Dan jerked his gaze up to the display as the blue and the red callouts merged. The brackets locked on the hurtling missile. Jerked, tracked back. Then hunted back and forth, as if unclear what they were supposed to be looking for. They slewed away, then hunted again, at the same moment as a roar rattled the deckplates and the helo-deck cameras went the off-white of booster smoke.
“Radar return getting mushy … may be body separation—”
“Sir, we can’t wait on this incoming—”
He tore his gaze away. Blinked. “Got it, Cher. Secure from TBMD mode! Shift SPY-1 to self-defense. Sea Whiz released. Standard released. Take incoming Goblin with birds.”
“Self-defense mode, aye.

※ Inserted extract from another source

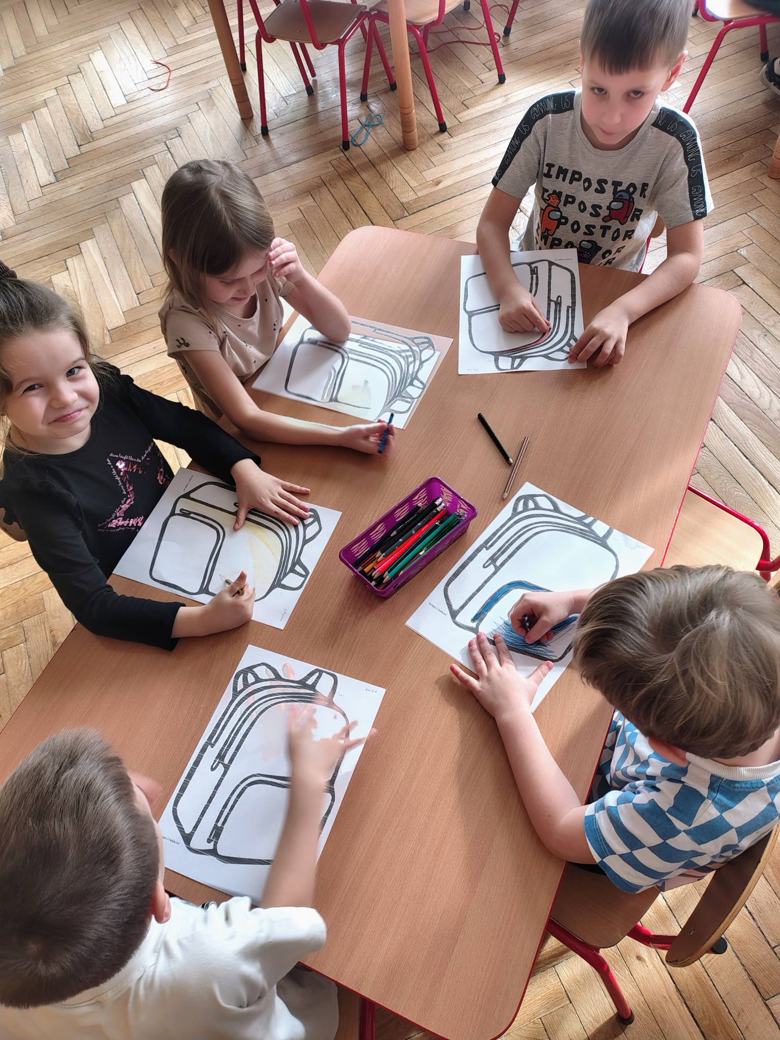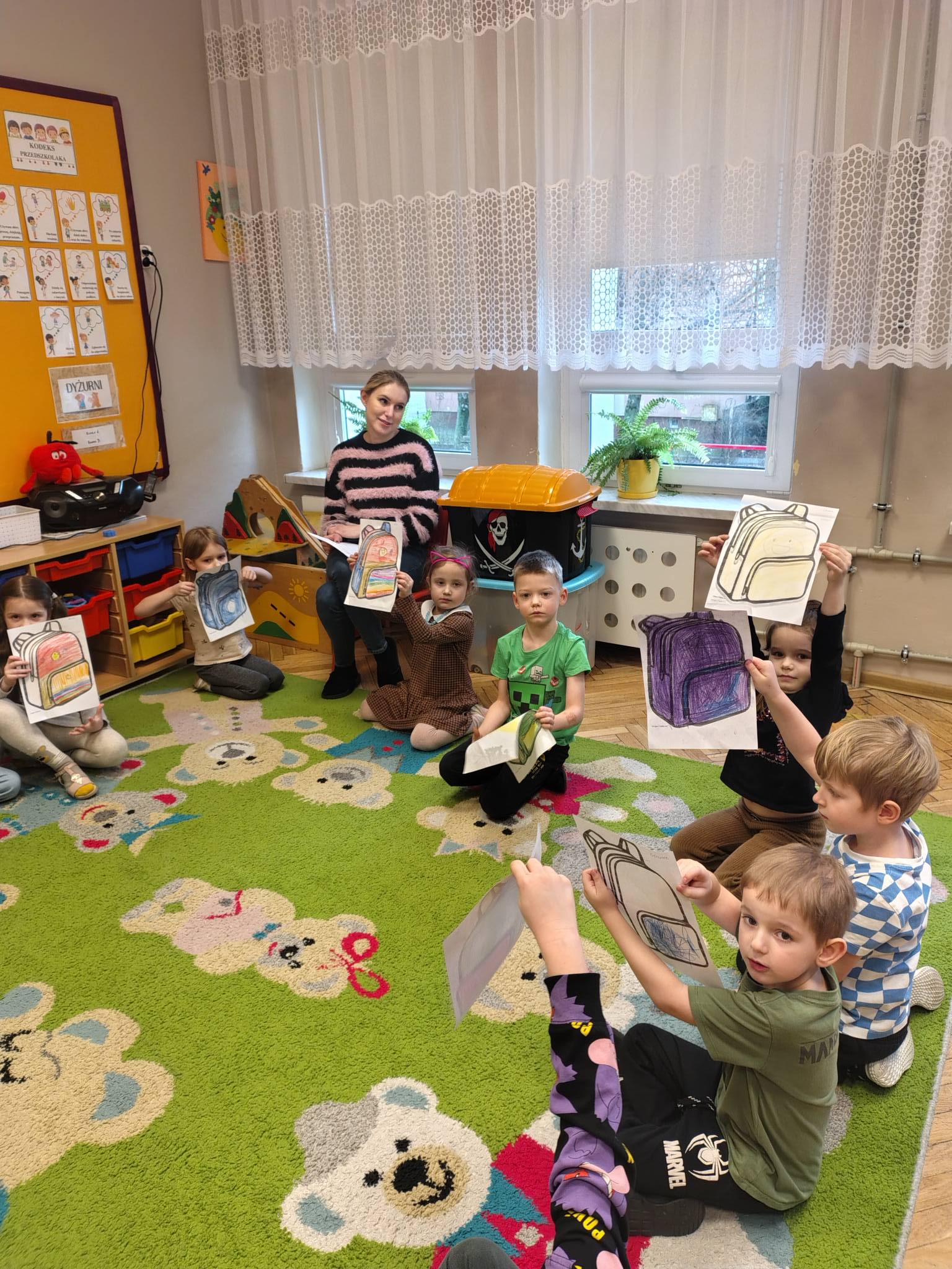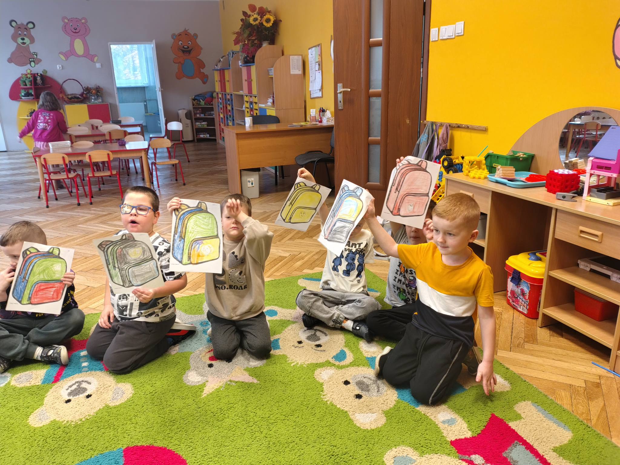 Dzieci wysłuchały również historyjki „Kolorowe plecaki emocji”, dzięki której mogły lepiej zrozumieć, że każdy z nas nosi w sobie różne uczucia — i wszystkie są ważne. Na zakończenie zajęć każdy przedszkolak stworzył swój własny plecak emocji, pokazując, jak się dziś czuje. Zajęcia te pomogły dzieciom jeszcze lepiej poznać i zrozumieć świat naszych emocji, uświadomiły im, że wszystkie emocje są ważne i potrzebne, a także, że każdy z nas ma prawo je odczuwać i mówić o nich.

Salvo alarm, aft and forward.” She sounded relieved, and a wave of commands and responses moved away down the consoles, along with buckling and adjustments as flash gear got tightened.
The picture on the rightmost vertical screen blinked. Then the pie wedge, the closed fan, suddenly spread, opening like the Argus-eyed tail of a peacock. The amber traces probed outward, 360 degrees, clicking deliberately yet with wonderful rapidity all around the horizon. Shorelines and islands, contacts and callouts, sprang up. Savo’s awareness was suddenly total, a godlike gaze of perfect knowledge within a three-hundred-mile radius. Some contacts were red and blinking, others amber, yet others green. Two were the red vertical carets of hostile missiles, jumping rapidly inward at near-supersonic velocities. With the next sweep, another popped up, this one closing from the east.
But, that suddenly, he could see. He could fight. It felt like being underwater, wound tightly in heavy chains, and feeling them fall away. As the helo controller reported Red Hawk dumping chaff and flares, Dan cycled the Fire Auth switch, leaving it in the up position. Called back to Singhe’s team, “Strike, stand by for TLAM mission. Salvo of four. Where we marked those truck-mounted launchers.” He reached for his helmet, and found himself face-to-face with Ammermann.
“That was a stupid move,” the staffer said in a low voice. “And believe me, you’ll pay for it.”
Dan felt for the lever and reclined his seat. Cleared his throat. “You do actually understand what’s going on, Adam? Right?”
“Oh yeah, I do. You just shot down—”
“No. Forget that. What I mean is, we’ve got mail. Three inbound antiship missiles. An 802 from the Syrian coast. Two 801s, the ship-to-ship version, from seaward. Over a thousand pounds of high-energy armor-penetrating warheads on the way, at .8 mach, fifteen feet above the water. The first one, roughly two minutes out.” He lifted his eyebrows. “So maybe I won’t have to worry about justifying myself. Or paying for anything.”
A commanding officer got a lot of practice masking his emotions. But the staffer obviously hadn’t. His mouth sagged; he looked terrified. Dan himself felt tense, yet eager, even vengeful, here at the end. When it would all come down to whether all their shit worked, and how fast he could make decisions. Not to mention how deep their magazines would prove, compared to those who’d just declared themselves America’s enemy.